(Records excerpted from a collection)
━━━━━━━━━━
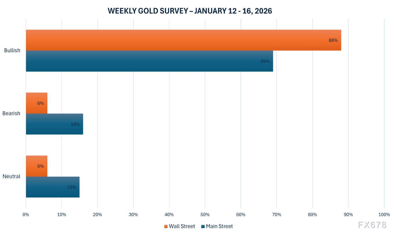 上周五华尔街主流机构在Kitco黄金调查中呈现一边倒看涨格局,88%的专业人士认为本周金价还将继续上涨。零售投资者同样保持高度乐观,近七成看好后市。
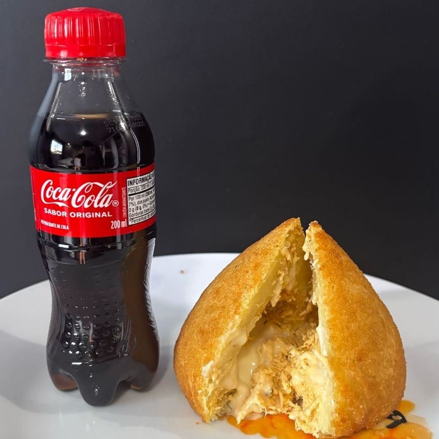 Delicie-se com uma coxinha crocante recheado com frango desfiado e com uma costela desfiada, acompanhado de uma Coca-Cola gelada (200ml). A combinação perfeita para matar a fome com muito sabor!
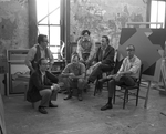 A black and white negative of the Art Department faculty. Pictured from left to right: Gordon Young, Richard A. Johnson, William "Bill" Lamb, Bruce Tibbetts, James Watral, Bill Wiman.
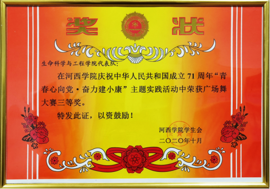 河西學(xué)院慶祝中華人民共和國(guó)成立71周年“青春心向黨·奮力建小康”廣場(chǎng)舞大賽三等獎(jiǎng)
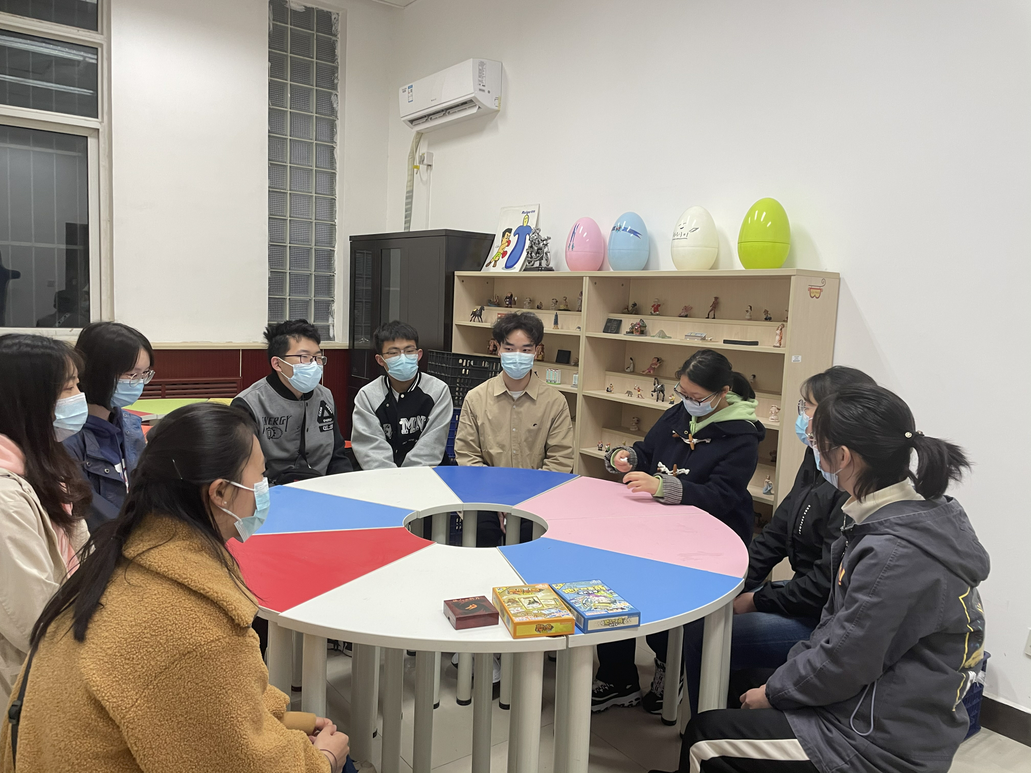 3月19日,本学期第一次周末活动日如约而至。2021级的同学们在hg8868皇冠官方登录平台楼167心理健康教育活动室开展了一次轻松解压又“烧脑”的桌游——狼人杀。在游戏过程中,同学们互相交流、互相沟通、彼此认识,从游戏中体会交际、分辨真伪,在忙碌的学习工作和生活中得到短暂的放松。
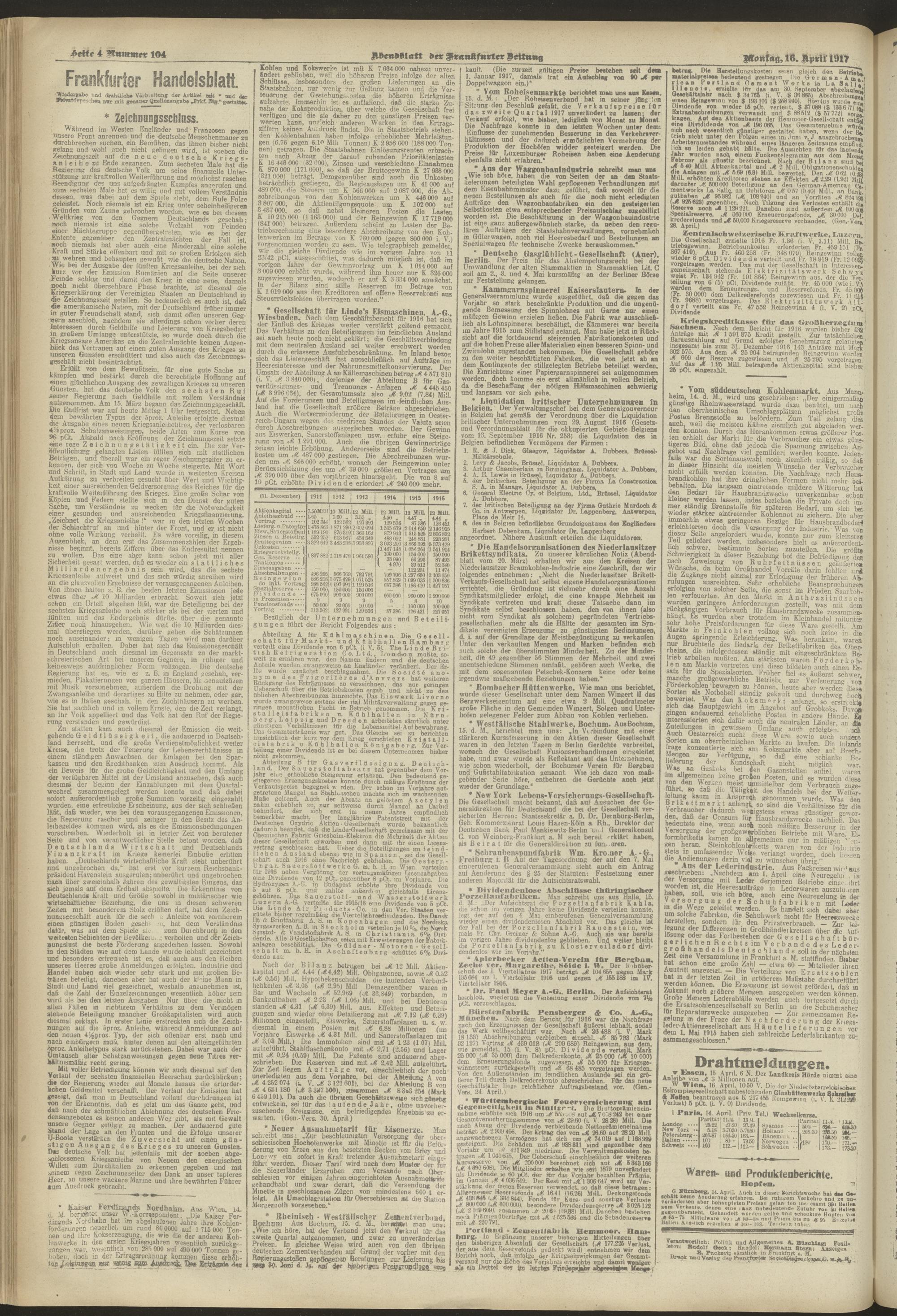 16.04.1917 = Nr. 104. Abendblatt
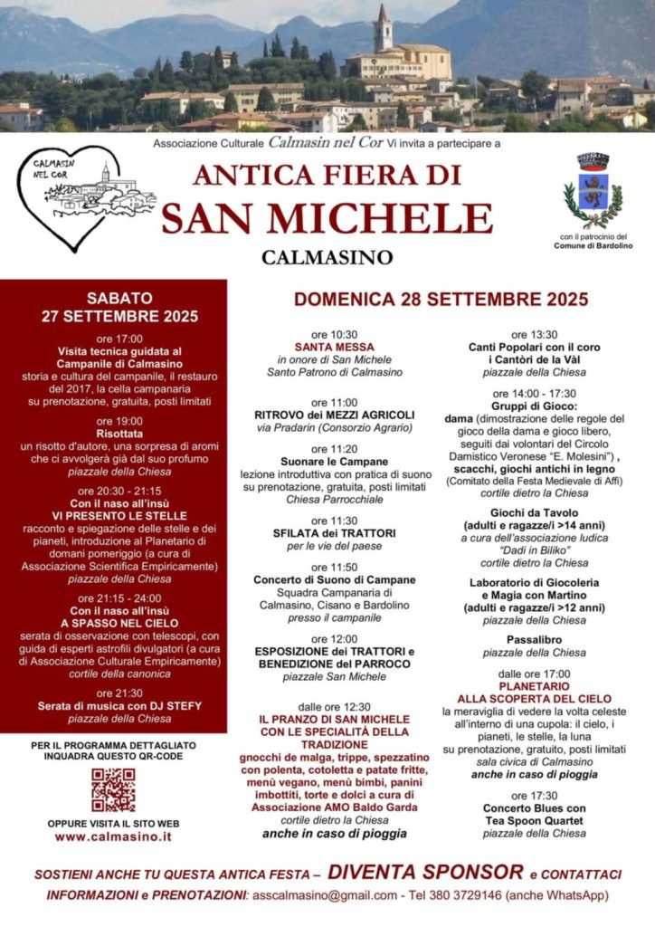 Dal 27 al 28 settembre, Calmasino si anima per l’Antica Fiera di San Michele: ecco il programma di un evento che celebra la storia, la tradizione e il legame con il territorio. La manifestazione, organizzata dall’associazione culturale “Calmasin nel Cor”, offre un ricco programma di iniziative per tutte le età, tra gastronomia, musica, astronomia e attività per le famiglie.
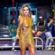 A apresentadora não se intimidou com as adversidades, fez maquiagem no escuro e seguiu para o sambódromo onde debaixo de chuva mostrou muito samba no pé...
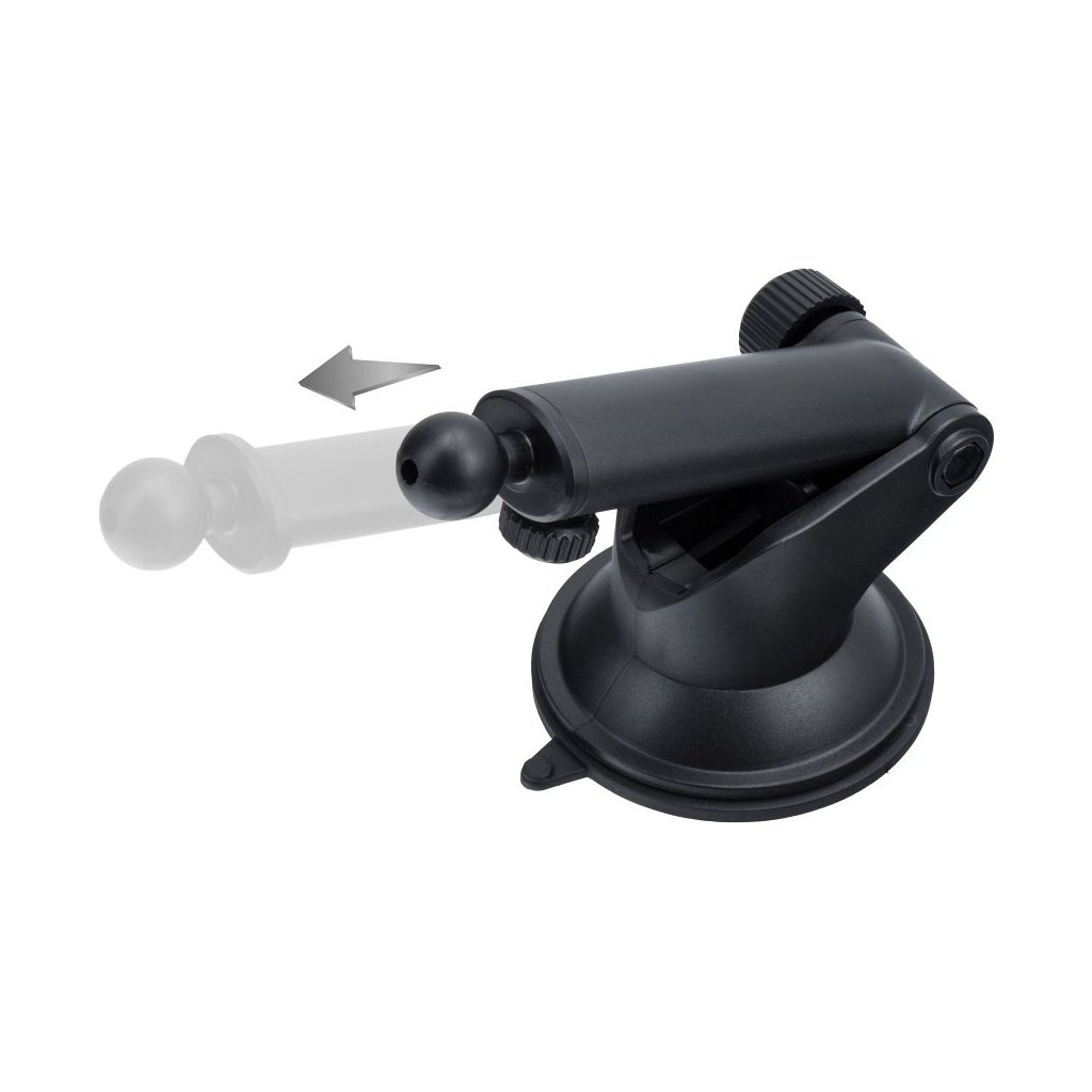 Praktický držiak mobilného telefónu s prísavkou na pripevnenie na palubnú dosku alebo čelné sklo. Držiak je plne nastaviteľný vrátane dĺžky ramena - možno ho zdvihnúť až o 14 cm, nakloniť do vertikálnej polohy a jeho koncovka sa otáča o 360°. Umožňuje pohodlné vkladanie a vyberanie telefónu jednou rukou.
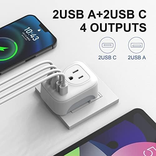 - Power Plug USB C Fast Charge : The European plug adapter’s total output of 4 USB ports is 5V/3.4A. Built-in smart technology can auto-detect charged devices. USB A ports can charge up to 2.4A, and the USB C port can charge up to 3A, allowing you to charge 6 devices simultaneously. Ideal for cell phones, tablets, power banks, etc.
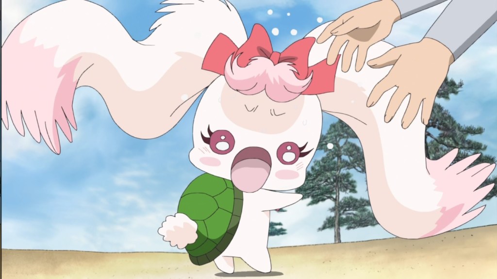 So obviously GoGo taking this one step further and letting her become a cure in everything but name (Yes Precure 6 is clearly far too unwieldy a title). Much like Michiru and Kaoru before her she doesn’t get the actual title but gets to join the team for all practical purposes. She also gets a human form which opens up some more opportunities to interact with the rest of the cast so that’s fun.
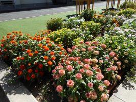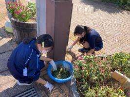 最後に、環境委員会の活動を紹介します。夏休み前に、屋代高校前駅の花壇の様子を紹介しました。夏休み中も遠方から花の水やりに登校してくれた環境委員のみなさん。昨日の公開授業もたくさんの花で来校者のみなさんをお迎えすることができました。今日も、暑い中みんなで草取りをしていました。ありがとうございます。
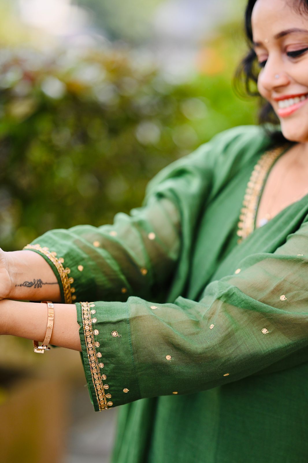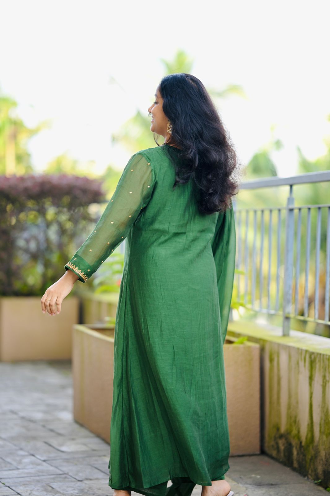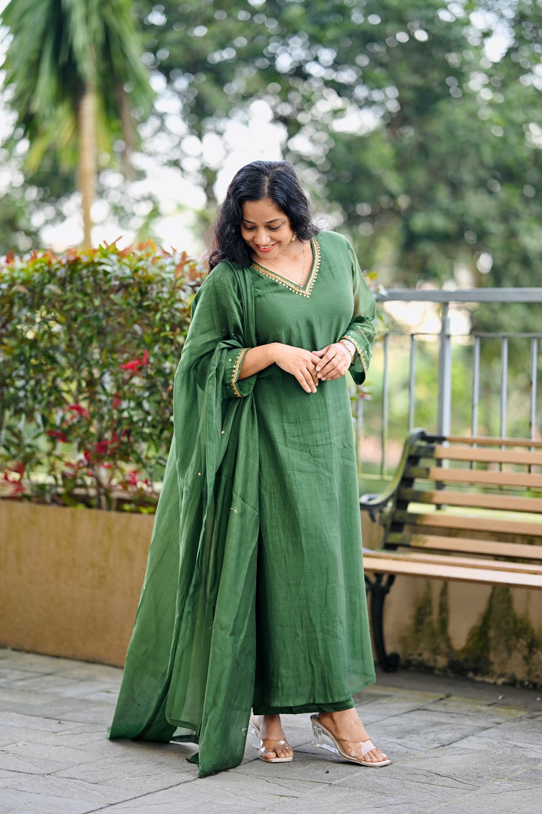 Elegant dark green Silk Kurti and pant with  mul Chanderi silk dupatta *
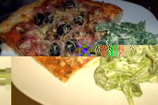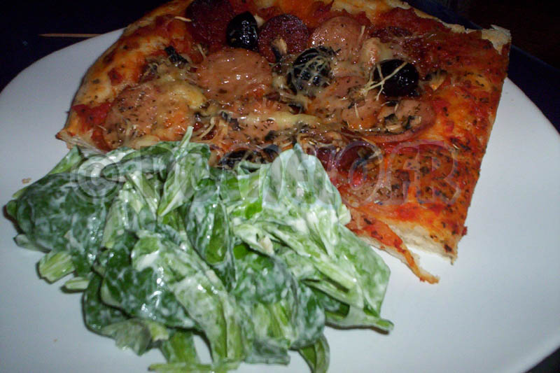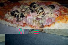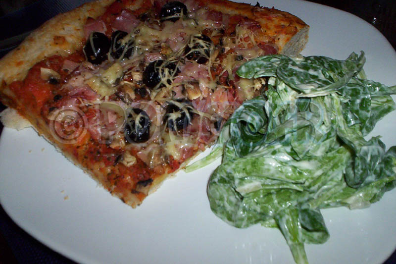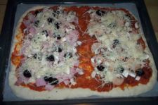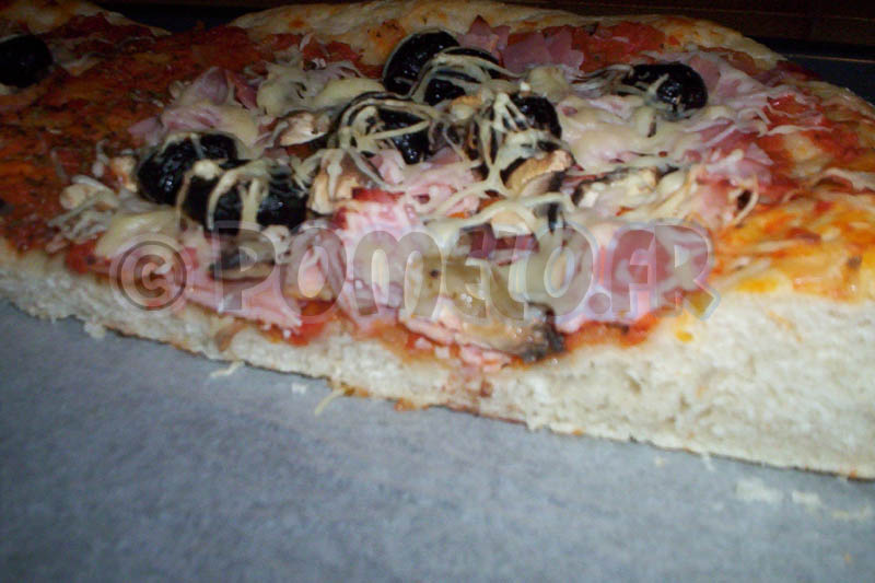 – Moi c’était : sauce tomate maison + jambon + champignons + olives noires + fromage râpé
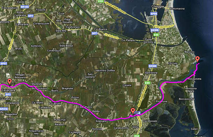 - da Cavarzere a Rosolina Mare - argine destro asfaltato strada principale, argine sinistro asfaltato strada locale fino a Cavanella d'Adige, da Cavanella d'Adige ponte sulla statale Romea e argine destro fino a Rosolina
━━━━━━━━━━
EXERCISE GOAL →
Lines starting at the one with "最後に、環境委員会の活動を紹" and ending at the last line of the entries above must be restated word for word, with pictures omitted.

ANSWER TO THIS TASK →
 最後に、環境委員会の活動を紹介します。夏休み前に、屋代高校前駅の花壇の様子を紹介しました。夏休み中も遠方から花の水やりに登校してくれた環境委員のみなさん。昨日の公開授業もたくさんの花で来校者のみなさんをお迎えすることができました。今日も、暑い中みんなで草取りをしていました。ありがとうございます。
 Elegant dark green Silk Kurti and pant with  mul Chanderi silk dupatta *
 – Moi c’était : sauce tomate maison + jambon + champignons + olives noires + fromage râpé
 - da Cavarzere a Rosolina Mare - argine destro asfaltato strada principale, argine sinistro asfaltato strada locale fino a Cavanella d'Adige, da Cavanella d'Adige ponte sulla statale Romea e argine destro fino a Rosolina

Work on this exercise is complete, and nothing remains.